In 2001, Peek was again captain of the Bulldog's 1st Division team, but saw an increased number of first grade games compared to his previous seasons at the club.

===South Sydney===
In 2002 Peek joined the re-admitted South Sydney side (first grade player number #959), playing in their return match against the Sydney Roosters. Peek would feature in a total of 10 games for the South Sydney club, all from the bench.

===Parramatta===
2003 saw Peek join the Parramatta Eels (first grade player number #649), the club where he would spend the bulk of his career. During his time at Parramatta, Peek proved capable of handling top flight rugby league on a week to week basis, making an increased number of first grade appearances during the club's 2005 charge towards the Minor Premiership which they won just ahead of second placed St. George Illawarra. Along with St. George, Parramatta were favorites to take out the 2005 premiership but suffered a shock 29-0 preliminary final loss against North Queensland at Telstra Stadium, a game which Peek played in from the bench.

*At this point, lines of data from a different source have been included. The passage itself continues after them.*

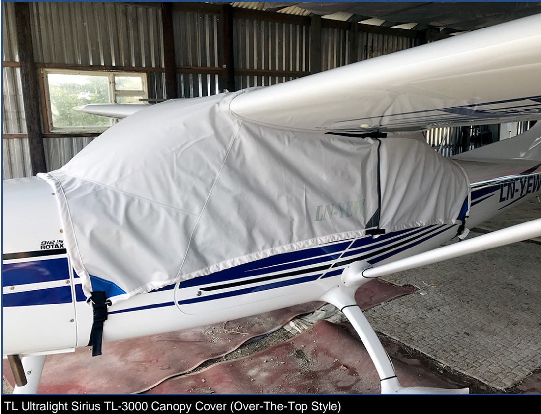
TL Ultralight Sirius TL-3000 Canopy Cover (Over-The-Top Style)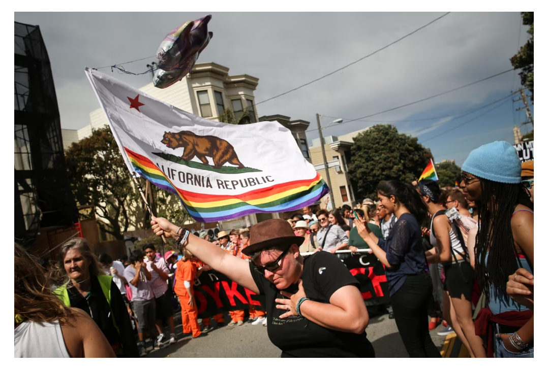
The 2015 San Francisco Dyke March took place days after the Supreme Court enacted marriage equality nationwide.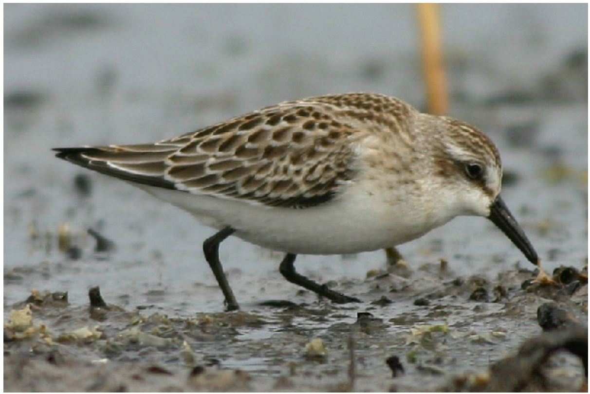
Juvenile Semipalmated Sandpiper Calidris pusilla, Ballycotton, Co.Cork, 7th September 2005.

Clare Juvenile, Shannon Airport Lagoon, 14th to 18th September (J.N.Murphy et al. ). Cork Juvenile, Ballycotton, 7th to 10th September (G.Walsh et al. ), photographed ( Birdwatch 161:68). Down One, Belfast Lough RSPB Reserve, 31st August to 7th September (A.McGeehan). Kerry Juvenile, Blennerville, 5th September (F.King et al. ).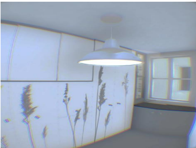
Figure 2. Apartment Environment

Small Apartment. The scenario includes a small, modular apartment which consisted of a 2x4m area. Within this area, there was a sink, a bathroom which view was occluded by a door and a closet embedded on the wall. (Figure 2)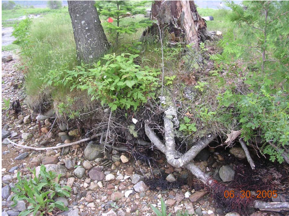
Campsite LSI_C, Photo 115, June 30, 2005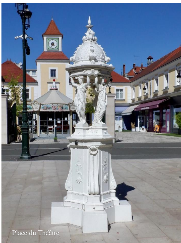
Place du Théâtre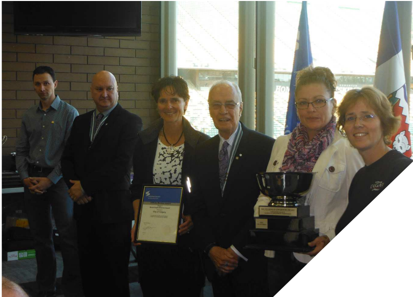
Photo taken at Annual General Meeting and Branch Awards June 21, 2013 at the Commonwealth Stadium in Edmonton, AB.

Training Programs contribute to the mission by: teaching Canadians swimming and lifesaving skills, and giving Canadians the knowledge and judgment they need to enjoy water safely and to save themselves and rescue others in an emergency.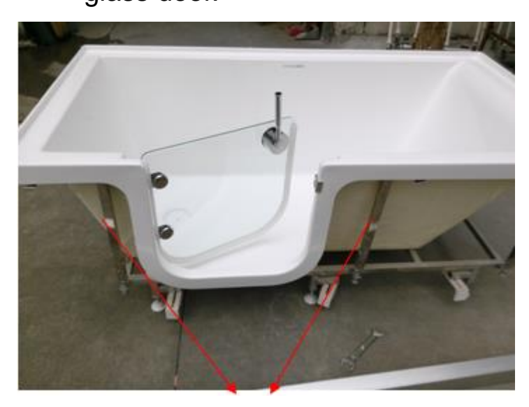
Stainless steel poles

1. Adjust the height of the stainless steel poles to solve the leakage of glass door.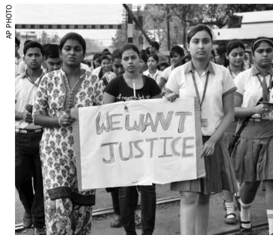
Students of Convent of Jesus and Mary School participate in a protest against the gang rape of a nun in her 70s at the Christian missionary school in Begopara, about 80km northeast of Kolkata

The outcry led the federal government to rush legislation doubling prison terms for rapists to 20 years and criminalizing voyeurism, stalking and the trafficking of women. The law also makes it a crime for officers to refuse to open cases when complaints are made.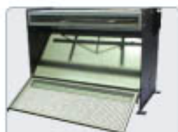
Lockable Hinged Rear Guard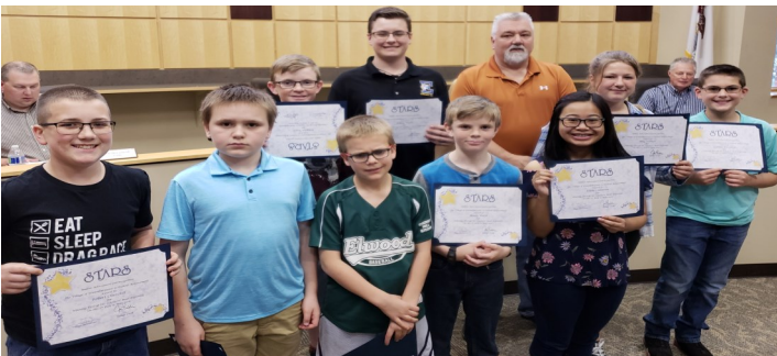
Scholastic Bowl Team Students

At the May 3 rd Village Board meeting, a number of Elwood School students received "Star" awards for their outstanding accomplishments in recent Scholastic Bowl and band competitions.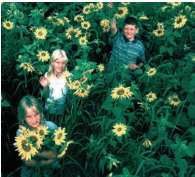
The Ceppi Farm, home to the Jamestown Community Farm, continues a 350-year tradition of farming. (left)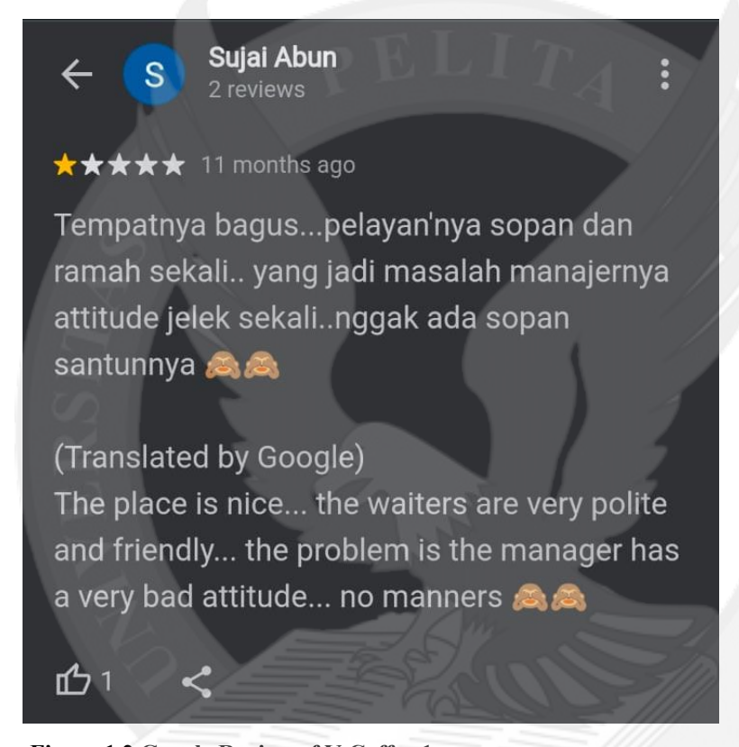
Figure 1.2 Google Review of V-Coffee 1

The goal of experiential marketing is to create an unforgettable experience that successfully appeals to target clients (Chang 2020). The writer found a google review that stated the manager of V-Coffee is very rude towards the customer. This will affect the experiential marketing of the customer in the sense of the feel at V-Coffee. The customer purchase decision might as well be affected because of this.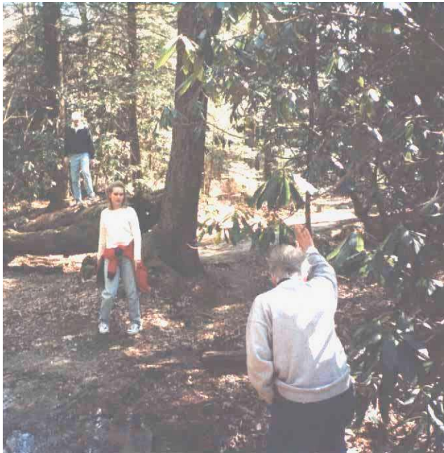
Special Nature Hike near Cardinal Lake 3 miles from Lakefront Mountain Retreat HIKE2.JPG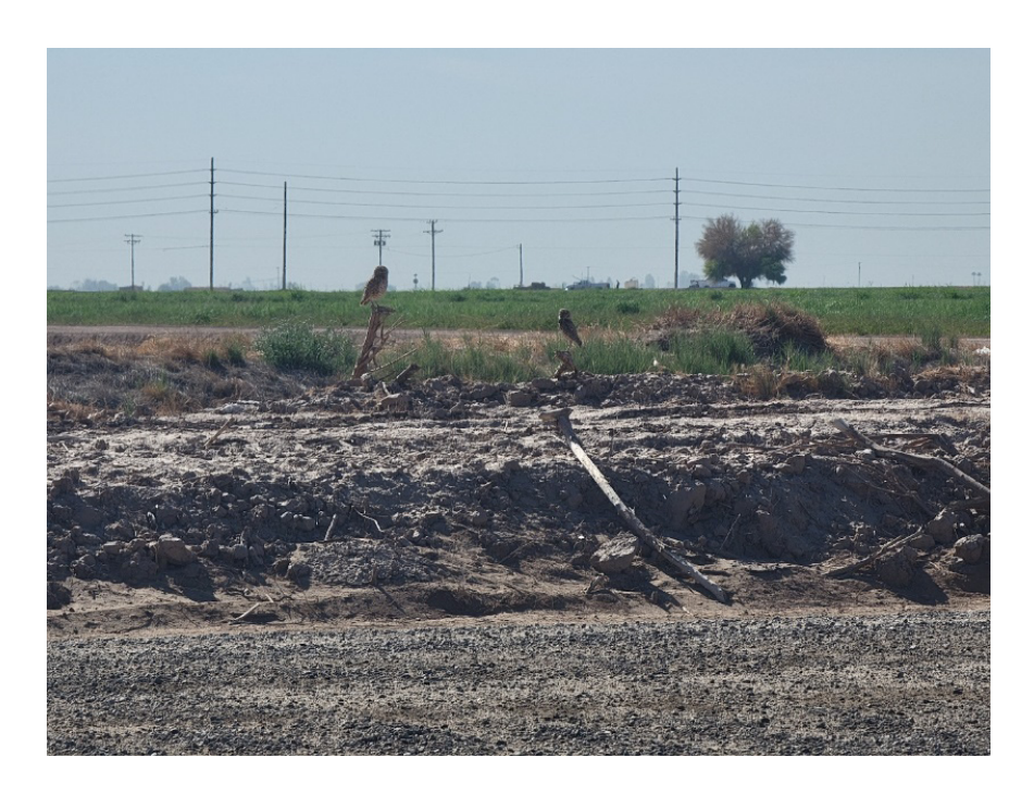
Photograph 2: BUOW_13 - Two owls perched on branches on Boyle Road. This is along a shared construction area for all three projects, BRGP, Elmore North Geothermal Project (ENGP), and Morton Bay Geothermal Project (MBGP).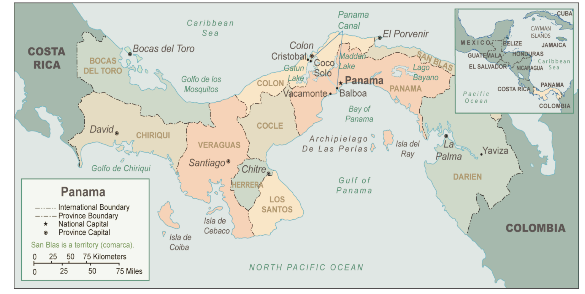
Figure I. Map of Panama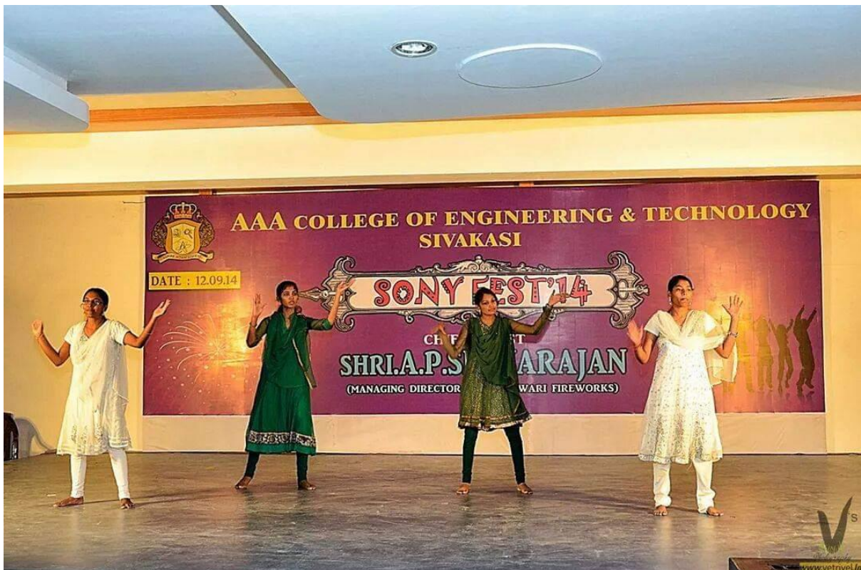
SONY FEST'14-Cultural Program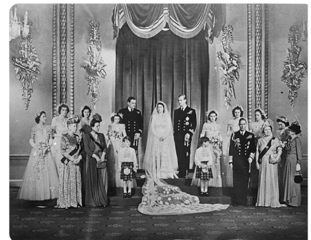
The wedding of Queen Elizabeth and her husband Philip, 1947

2006 however saw Peek begin the season in Premier League before receiving a call up in round 8 against Manly-Warringah, a game in which he received a grade one dangerous throw charge, rendering him unavailable for selection for one round. Peek was next seen in first grade against the Canberra Raiders in round 17.

===St George Illawarra===
In 2007 Peek returned to where it all began, signing with the St George Illawarra Dragons. Peek played 19 games for the club, scoring a try in the Dragons round 10 win over the Gold Coast Titans.

===Cronulla-Sutherland===
In 2008, Peek played for the Cronulla-Sutherland Sharks, playing in 21 games including 2 finals matches, the qualifying final victory over the Canberra Raiders and the 28-0 preliminary final loss against Melbourne at the Sydney Football Stadium.

===Crusaders===
Peek joined the Crusaders in the 2009 season, playing 45 games over 3 seasons for the Welsh-based club.

==Post-retirement==
Post professional retirement, Peek joined the Kurri Kurri Bulldogs in the local Newcastle competition for the 2012 season, citing the laid-back, authentic, rugby league experience as an attraction

Peek is employed by the NRL in a part-time mentoring role, working with players on career development and transition planning following their playing careers.

In 2015, Peek and many other current and former Bulldogs players travelled to Papua New Guinea to assist in the construction of a school. In addition to the construction of the school, Peek and the other players provided coaching clinics promoting the importance of education, healthy lifestyles and respect for women and children.